Breaking News

Walikota Palmarine Senegal Harapkan Kerjasama Sister-City Dengan Kota-kota di Indonesia

MWawasan.Senegal~ Walikota Palmarine, Goerge Faye, kepada Dubes RI Dakar, Mansyur Pangeran, menyatakan bahwa Indonesia adalah negara yang sudah maju di berbagai bidang. Oleh karena itu, Walikota George Faye mengharapkan dibentuknya kerjasama Sister City antar kota Palmarine dengan kota setara di Indonesia dalam rangka menjalin kerja sama di bidang teknologi pertanian, pengelolaan sumber-sumber kelautan, pendidikan dan pariwisata.

Pernyataan itu disampaikan oleh Walikota George Faye pada saat kunjungan kerja Dubes Mansyur Pangeran ke wilayahnya dalam rangka menjajaki dan menggarap kerja sama ekonomi dan perdagangan di luar kota Dakar.


Walikota George Faye dalam sambutannya menyatakan pihaknya sangat mengharapkan kedatangan Dubes RI ke wilayahnya untuk berdialog di berbagai hal terutama kemungkinan diadakannya kerja sama di bidang ekonomi antara wilayah Palmarine dengan Indonesia yang dinilainya sudah maju di bidang ekonomi dan industri.


Ditambahkannya, di wilayah Palmarine terdapat beberapa potensi ekonomi yang saat ini belum dikembangkan secara maksimal pengolahannya dan mengharapkan kerja sama dengan pihak Indonesia. Pengelolaan sumber daya alam di Palmarine dilakukan secara mandiri oleh penduduk Palmarine melalui sebuah komite yang mengatur kerja sama Internasional. Dengan demikian, Palmarine dapat berhubungan langsung dengan pelaku ekonomi dari negara lain.

Dubes Mansyur Pangeran dalam sambutannya menyatakan bahwa tujuan kunjungannya adalah untuk menjalin kerja sama ekonomi dan perdagangan dengan memperkenalkan Indonesia dan mempromosikan berbagai produk nasional Indonesia dalam rangka menggarap pasar domestik wilayah itu serta untuk mengetahui potensi daerah tersebut yang kaya akan hasil alamnya terutama produk kelautan.

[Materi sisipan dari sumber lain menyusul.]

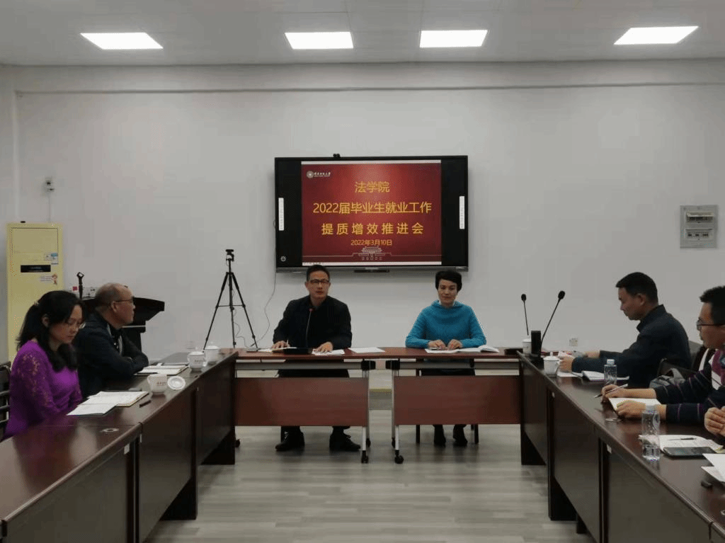 在博西106召开2022届毕业生就业工作提质增效推进会,会议由院长何东平主持,学院全体教职工参会。

Dubes Mansyur Pangeran menjelaskan bahwa saat ini hubungan kerja sama ekonomi dan perdagangan Indonesia dengan Senegal sudah terjalin cukup baik namun masih perlu ditingkatkan. Banyak barang-barang produksi Indonesia yang sudah masuk ke Senegal mulai dari produksi peralatan rumah tangga, tekstil, garment, produk makanan, furniture, rotan dan bambu, elektronik, alas kaki, alat-alat kosmetik, sampai pada hasil produk teknologi tinggi seperti 2 pesawat CN-235 yang telah dibeli oleh Senegal.


Dubes Mansyur menawarkan kiranya para pemuda pelajar di wilayah Palmarine ini dapat memanfaatkan tawaran beasiswa yang diberikan oleh Pemerintah RI yaitu Darmasiswa untuk program budaya dan bahasa dan beasiswa KNB untuk program pasca sarjana selama dua tahun. Karena selama ini hanya sedikit sekali pelajar dari Senegal yang mengikuti kedua program tersebut karena permasalahan utama adalah bahasa yang digunakan selama pendidikan bahasa Inggris sementara di Senegal menggunakan bahasa Perancis.

Sebagai bentuk tindak lanjut dari pertemuan ini, Walikota Palmarine George Faye akan mempertemukan Dubes RI Dakar dengan Menteri/Sekretaris Kantor Kepresidenan Senegal (yang berasal dari wilayah ini) di Palmarine untuk untuk membahas kerja sama konkrit di bidang ekonomi perdagangan di Palmarine.

Kota Palmarine yang terletak di Region Fatick di bagian utara Senegal dengan penduduk sebanyak 10.000 orang merupakan salah satu kawasan wisata yang cukup unik dan merupakan kota penghasil garam terbesar di Senegal. Hal ini dapat dilihat dari banyaknya tambak-tambak garam di sepanjang kawasan Palmarine yang proses pengolahannya dilakukan secara tradisional. 

Objek wisata yang ditonjolkan di kota Palmarine ini adalah keindahan alam, khususnya pantai-pantai yang menjorok ke laut dan sejumlah delta pasir putih yang indah, berbagai jenis burung seperti pelikan, flamingo, bangau putih, elang laut, taman hutan bakau yang menghiasi sepanjang pinggiran pantai serta taman pohon baobab terbesar di Senegal. Selain itu, terdapat pula rumah-rumah pohon yang dibuat di atas pohon baobab dengan pemandangan yang sangat indah.